Les services financiers ne feront pas partie de l'accord de libre-échange dont Londres et Bruxelles peinent à accoucher, sauf retournement de dernière minute. Du coup, la plupart des acteurs du secteur ont pris les devants en relocalisant une partie de leur activité sur le Vieux Continent.
La City - Londres - Royaume-Uni - Angleterre
La City - Londres - Royaume-Uni - Angleterre

Il reste désormais moins d'un mois pour que Londres et Bruxelles s'entendent sur les termes d'un accord de libre-échange, qui régira leurs relations une fois le Royaume-Uni sorti de l'UE. Sans quoi, le pays quittera l'Union le 30 décembre sans filet de sécurité et ce sont donc les règles de l'OMC qui s'appliqueront entre les deux blocs. Si la pêche et les conditions de concurrence équitable constituent les principaux points de friction entre les deux camps, les services financiers eux, ont depuis longtemps pris les devants, ayant été sortis très tôt du champ des négociations en cours.

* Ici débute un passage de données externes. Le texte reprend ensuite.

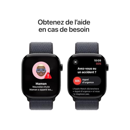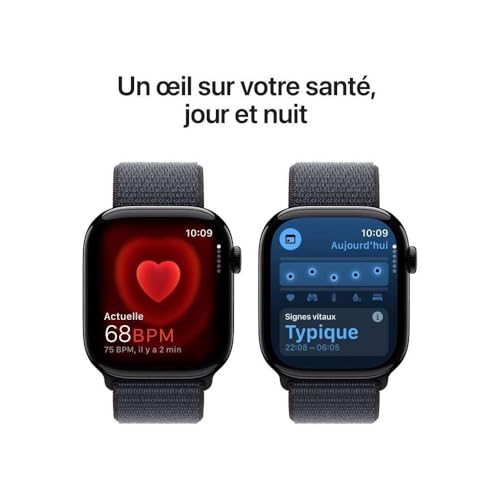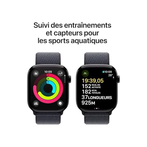 POURQUOI L’APPLE WATCH SERIES 10 – Un plus grand écran avec jusqu’à 30 % de surface d’affichage supplémentaire*. Un design plus fin, plus léger et plus confortable*. Des fonctionnalités avancées de santé et de forme avec des infos précieuses*. Des fonctionnalités de sécurité pour vous mettre en relation avec les services d’urgence*. Une charge plus rapide avec 80 % de batterie en 30 minutes environ*. DONNÉES DE SANTÉ AVANCÉES – Faites un électrocardiogramme à tout moment*. Recevez des notifications en cas de fréquence cardiaque élevée ou faible, ou en cas d’arythmie*. Comprenez mieux votre cycle menstruel et bénéficiez d’estimations d’ovulation rétrospectives*. Consultez votre fréquence cardiaque, votre fréquence respiratoire et autres infos dans l’app Signes vitaux*. Suivez votre sommeil et recevez des notifications de votre Apple Watch en cas de signes d’apnée du sommeil.* UNE PUISSANTE PARTENAIRE DE SPORT – Suivez votre activité physique avec les anneaux Activité, à personnaliser selon votre style de vie. Bénéficiez de données avancées pour une large gamme d’entraînements dans l’app Exercice*. Mesurez l’intensité de vos activités physiques grâce à la charge d’entraînement. Utilisez les nouveaux profondimètre et capteur de température de l’eau pour vos activités aquatiques. Et bénéficiez de trois mois d’abonnement gratuit à Apple Fitness+ grâce à votre Apple Watch*. GARDEZ LE CONTACT – Envoyez un message, passez un appel, écoutez de la musique et des podcasts, utilisez Siri et recevez vos notifications, où que vous soyez. L’Apple Watch Series 10 (GPS) fonctionne avec votre iPhone ou un réseau Wi-Fi pour vous permettre de garder le contact. FONCTIONNALITÉS DE SÉCURITÉ INNOVANTES – Les fonctionnalités Détection des chutes et Détection des accidents peuvent vous mettre automatiquement en relation avec les secours en cas de mauvaise chute ou de grave accident de voiture. Appel d’urgence vous permet d’appeler les secours en appuyant simplement sur un bouton*. La fonctionnalité Accompagnement informe automatiquement vos proches lorsque vous arrivez à destination. INCROYABLE RÉSISTANCE – Résistance aux chutes et à la poussière (indice de protection IP6X). Résistance à l’eau jusqu’à 50 m*. NEUTRALITÉ CARBONE – L’Apple Watch Series 10 est neutre en carbone lorsqu’elle est associée à certains bracelets. Consultez apple.com/fr/2030 pour en savoir plus sur l’engagement d’Apple en faveur de l’environnement. COMPATIBLE, TOUT SIMPLEMENT – Elle fonctionne sans problème avec vos appareils et services Apple*. Déverrouillez automatiquement votre Mac. Avec la fonctionnalité Localisation précise prise en charge sur certains modèles d’iPhone, consultez la distance approximative et la direction dans laquelle se trouve votre iPhone*. Payez avec Apple Pay. FACILE À PERSONNALISER – Avec des bracelets dans toute une variété de styles, de matériaux et de couleurs, et des cadrans entièrement personnalisables, vous pouvez adapter votre montre à votre humeur ou au moment de la journée. * MENTIONS LÉGALES – Ceci est un résumé des caractéristiques principales du produit.
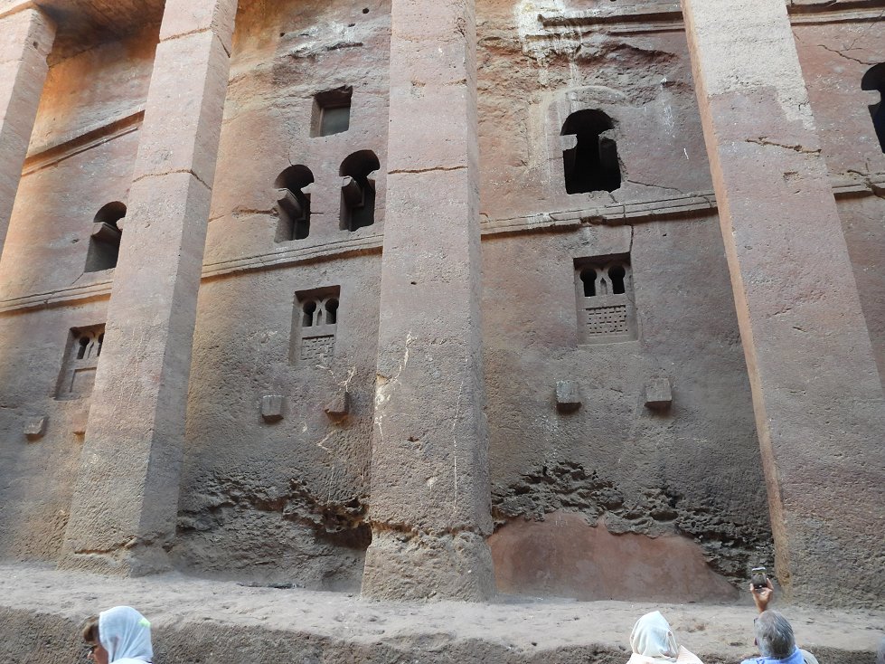 The rear of the large Medhane Alem church has intact columns, wall, and windows, but with cracks and crumblings from centuries of weathering.
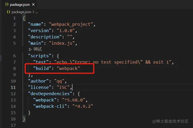 当然,为了方便起见,我们也可以将 npx webpack 命令配置在 package.json 中:
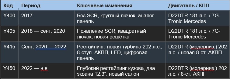 Y400 — единственная версия без системы нейтрализации выхлопа SCR (AdBlue). Двигатель соответствовал Евро 6 иными техническими средствами. Отсутствие SCR — главный аргумент в пользу этой версии при покупке.

Rappelons en effet que selon les termes de l'accord de sortie, adopté par le Parlement britannique en janvier 2020, le système de passeport financier -qui permettait à toute entité financière présente dans un État membre de l'UE de proposer ses services dans les autres États sans autorisation préalable- prendra fin. Pour continuer à proposer leurs services dans l'UE, les entreprises financières basées à Londres devront donc demander une équivalence aux autorités nationales de chaque État dans lesquels elles souhaitent exercer. "En substance, l'accord de sortie du Royaume-Uni de l'UE ne contient rien sur les services financiers, qui sont traités de manière unilatérale sous l'angle de l'équivalence. Il n'y a pas d'accord bilatéral pour un accès au marché intérieur depuis Londres", explique ainsi Nicolas Mackel, directeur général de Luxembourg for Finance. Ce qui explique que les services financiers aient pour la plupart décidé de délocaliser une partie de leur activité sur le Vieux Continent. "Certes, les équivalences pourront aider mais elles ne sont qu'un ersatz pour accéder au marché européen puisqu'il existe 39 régimes différents compris dans différentes directives. Du coup, une grande partie des acteurs londoniens ont déjà relocalisé leur activité à Francfort, au Luxembourg, à Paris ou Dublin", poursuit Nicolas Mackel. La plupart ont ainsi réalisé leurs transferts entre 2017 et la première moitié de 2018, afin d'être prêts pour la date initiale de sortie, prévue le 29 mars 2019. "Les services financiers sont très réglementés et les procédures pour obtenir les autorisations nécessaires peuvent prendre de 12 à 18 mois", poursuit Nicolas Mackel. Une chose est sûre, "à partir du 1er janvier, il ne sera juridiquement plus possible de servir des clients de l'UE depuis Londres".

 

Les plateformes de trading ont elles aussi relocalisé une partie de leur activité

 

Parmi les dernières du secteur financier à avoir pris la décision de se déplacer sur le Vieux Continent, les plateformes de trading : le 26 novembre dernier, Goldman Sachs a ainsi annoncé le lancement de sa plateforme de trading alternative en actions, Sigma X, afin de garantir à ses clients d'accéder à toutes leurs sources de liquidité, post Brexit. Puisqu'à partir du 4 janvier prochain, premier jour ouvré de sortie du Royaume-Uni de l'UE, les banques européennes ne pourront passer leurs ordres que sur des Bourses situées sur le Vieux Continent ou dans des pays disposant du régime d'équivalence. Lundi, la plateforme Turquoise (qui dispose de 5 % du marché des systèmes multilatéraux de négociations, MTF) a quant à elle démarré ses activités depuis Amsterdam où elle a choisi de se relocaliser, dans la perspective d'un Hard Brexit. CBOE, plus grosse plateforme alternative du marché avec 22 % des parts, a elle aussi choisi les Pays Bas pour s'établir, tandis qu'Aquis s'est installée à Paris.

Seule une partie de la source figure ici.